Unlike RDBMS databases, Cassandra will not do in place update, delete or any modification, deletes are also kind of inserts and it will follow the rule of Last Write Wins(LWW). The data is always written to the immutable files called SSTABLES, In the context of Cassandra, a tombstone is specific data stored alongside standard data. A delete does nothing more than insert a tombstone.

Tombstones will not be cleared until certain time, which can controlled by the parameter gc_grace_seconds in cassandra.yaml file

Why tombstones will not be cleared until certain time?

As it is distributed database, suppose a delete happens with a Replication Factor of 3 and Consistency Quorum, before acknowledging to the client node, Cassandra will make sure that data is written to 2 out of 3 nodes, however as RF is 3 the data will be written to 3rd node also eventually. Even if the 3rd node is down by the time deletes were happening, Cassandra will consider this as successful transaction. Because it satisfied the consistency level. So once the third node is up there will be no deleted data in that node. So if the user try to read, the next read involving that node will be an ambiguous read since there is no way to determine what is correct: return an empty response or return the data? Cassandra would always consider that returning the data is the correct thing to do, so deletes would often lead to reappearing data, called “zombie” or “ghost” and their behavior would be unpredictable.

So as a workaround for this Cassandra introduced a parameter gc_grace_period, the default value for this parameter is 1064000(10 days), when there are huge deletes it is always good to run repair before the gc_grace_period.
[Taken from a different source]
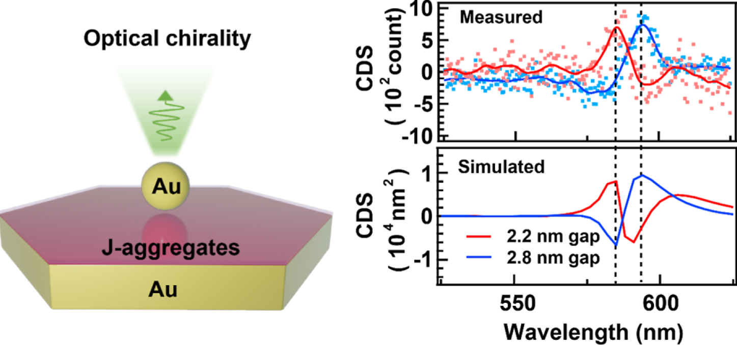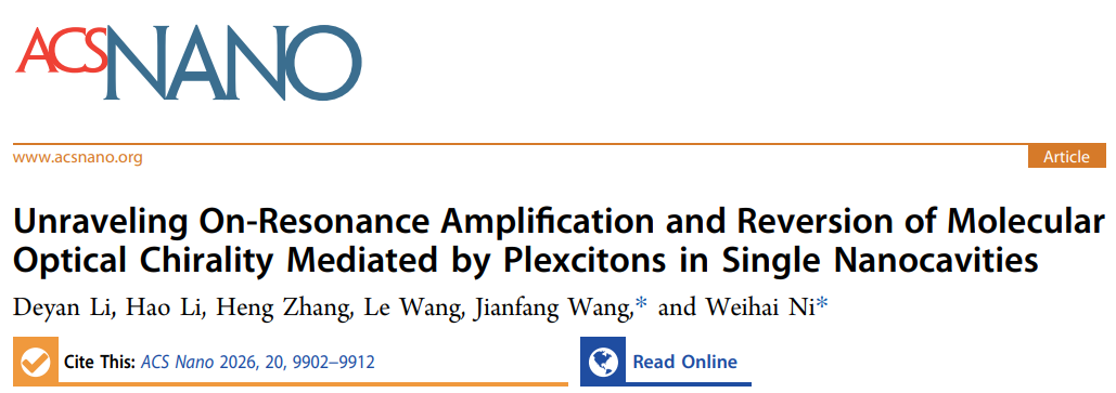 近日,倪卫海教授课题组和香港中文大学王建方教授合作进行了等离激元纳腔分子光学手性的放大与反转机制研究。该研究成果以苏州大学物理科学与技术学院硕士研究生李德妍为第一作者、以苏州大学物理科学与技术学院江苏省前沿材料物理与器件重点实验室为第一单位、以“Unraveling On-Resonance Amplification and Reversion of Molecular Optical Chirality Mediated by Plexcitons in Single Nanocavities”为题发表在ACS Nano(影响因子IF=16.1)。

Tombstones will cause performance issues, Cassandra will read the tombstones while reading the actual data. There are two parameters in cassandra.yaml that will help to log and abort when the query exceeds scanning certain no. of tomstones.
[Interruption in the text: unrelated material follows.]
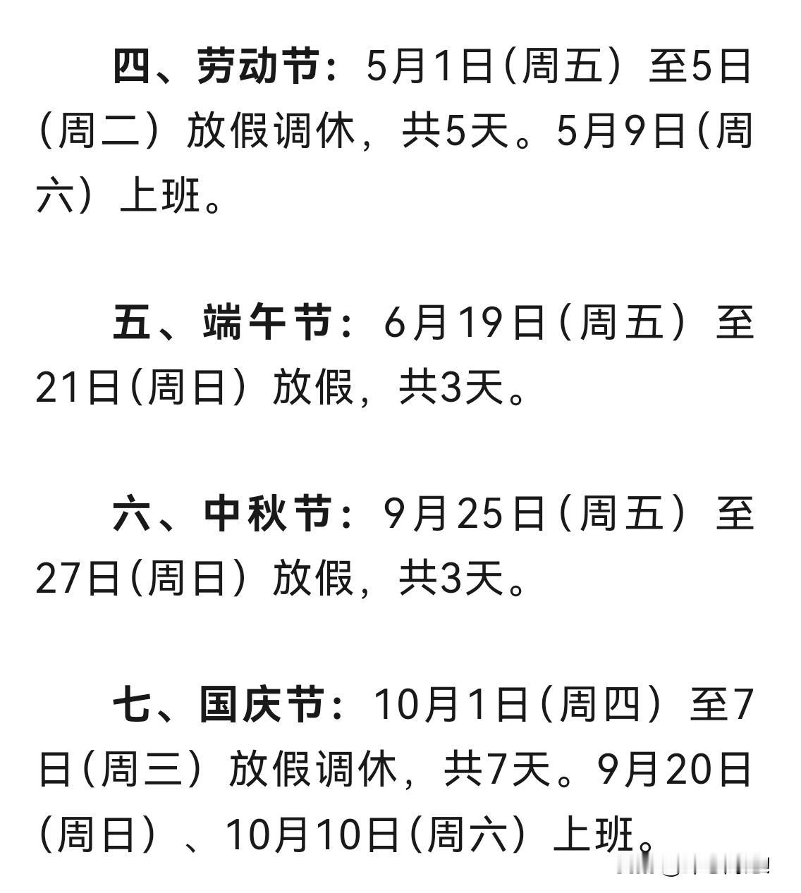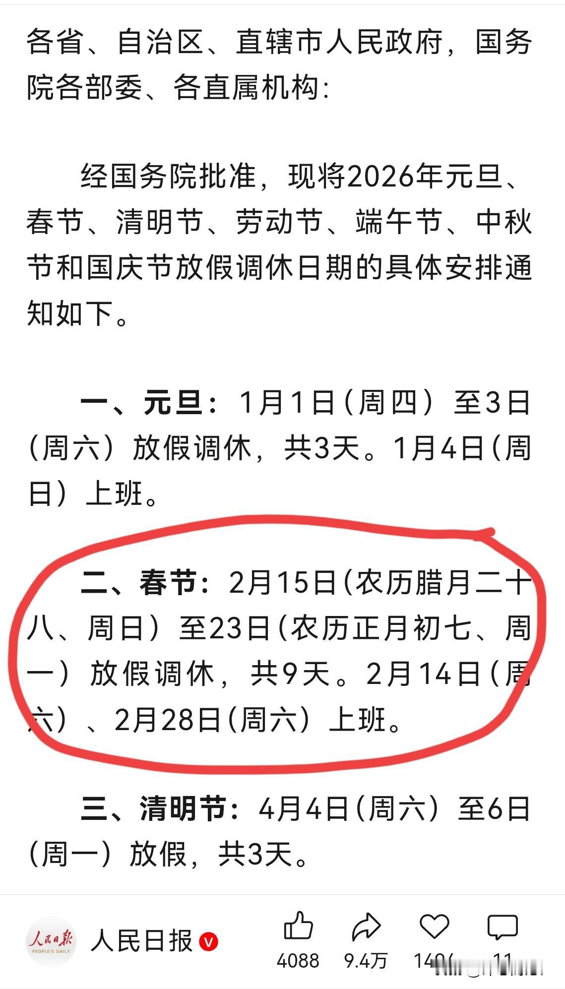 好消息!2026年春节放假9天哦!虽然有调了两天,还是有增加天数了!大家可以更好的安排时间去走亲访友了!

tombstone_warn_threshold (default: 1000): if the number of tombstones scanned by a query exceeds this number Cassandra will log a warning in system.log
(which will likely be propagating to your monitoring system and send you an alert).
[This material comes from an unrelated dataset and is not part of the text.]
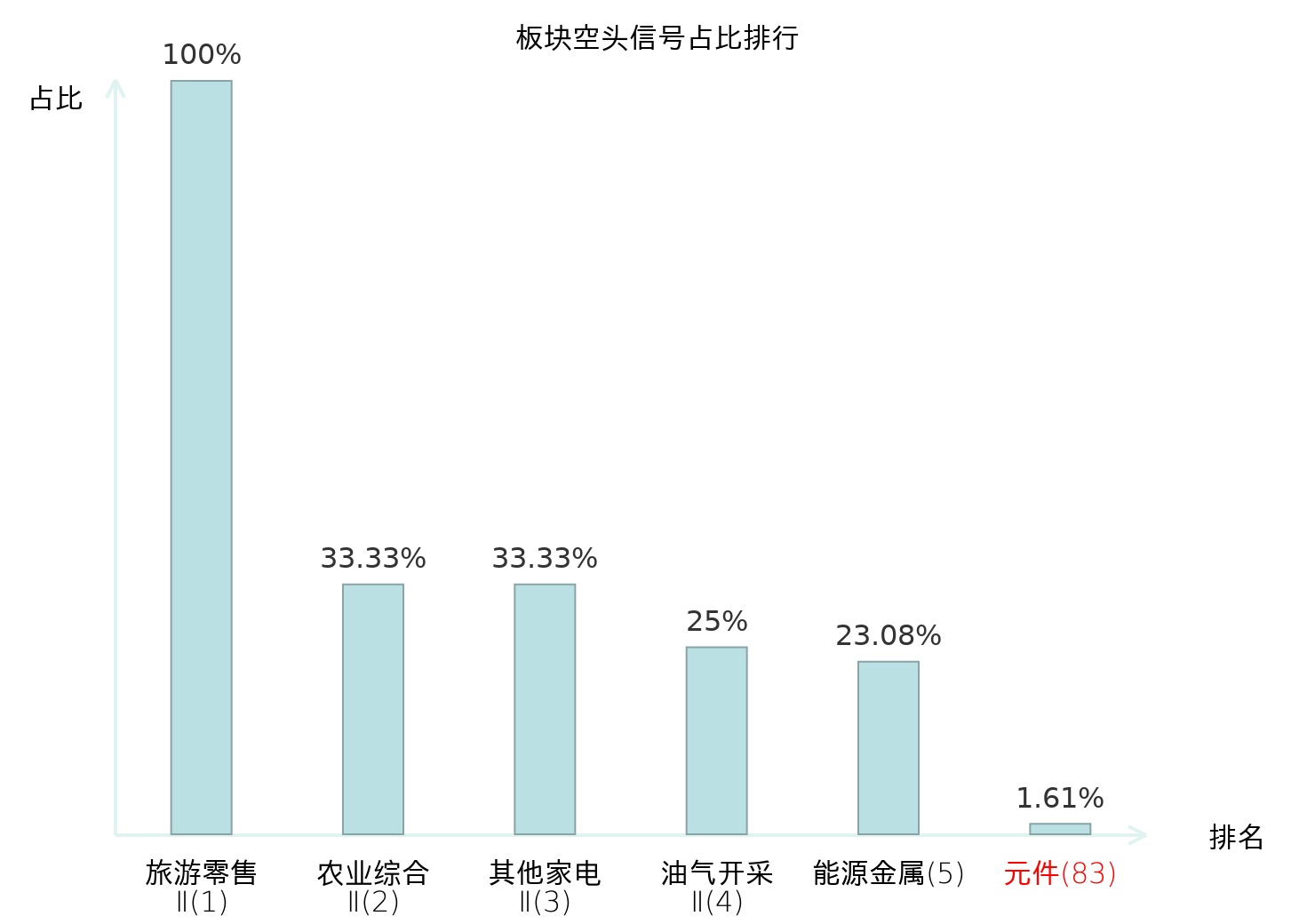 全市场所有行业板块中主力空头信号占比排名中,旅游零售Ⅱ板块位居第一。影视院线板块名次提升最快,较昨日上升105位。

tombstone_failure_threshold (default: 100000): if the number of tombstones scanned by a query exceeds this number Cassandra will abort the query.
The is a mechanism to prevent one or more nodes from running out of memory and crashing.

Ways to clear tombstones

Tombstones will be cleaned regularly, over time, by compactions(Please verify compaction article to know when will a compaction triggers and about types of compaction). In some cases because of shadowed data or due to a bulk delete, tombstones are not cleaned quickly enough, and can cause queries to fail (because of tombstone_fail_threshold) or nodes to be overloaded (because of the processing overhead). In these cases, there are a few ways to clean them aggressively (at the cost of using more system resources while the cleaning is being done).
 

A major compaction on the table, one node at a time will compact all the sstables together into one big sstable, So in the case of SizeTieredCompactionStrategy, you can use the ‘-s’ option when doing the compaction, but with TimeWindowCompaction -s will not help and all the sstables will be combined to one big sstable, so it is advised to then stop DSE and use sstablesplit to split the table into manageably-sized sstables.  

A minor compaction( less invasive approach) is to tune the compaction sub-properties for the table’s compaction strategy, tombstone_threshold(Default value is 0.2, If the ratio exceeds this limit, Cassandra starts compaction on that table alone, to purge the tombstones) and tombstone_compaction_interval(Default value is 1 day(86400). The minimum number of seconds after an SSTable is created before Cassandra considers the SSTable for tombstone compaction. Cassandra performs tombstone compaction on an SSTable if the table exceeds the tombstone_threshold ratio) . These parameters can altered in table definition to clean tombstones more aggressively. Also, in SizeTieredCompactionStrategy, the min_threshold(the default value is 4, The minimum number of SSTables to trigger a minor compaction) for compaction can be reduced to compact sstables more quickly.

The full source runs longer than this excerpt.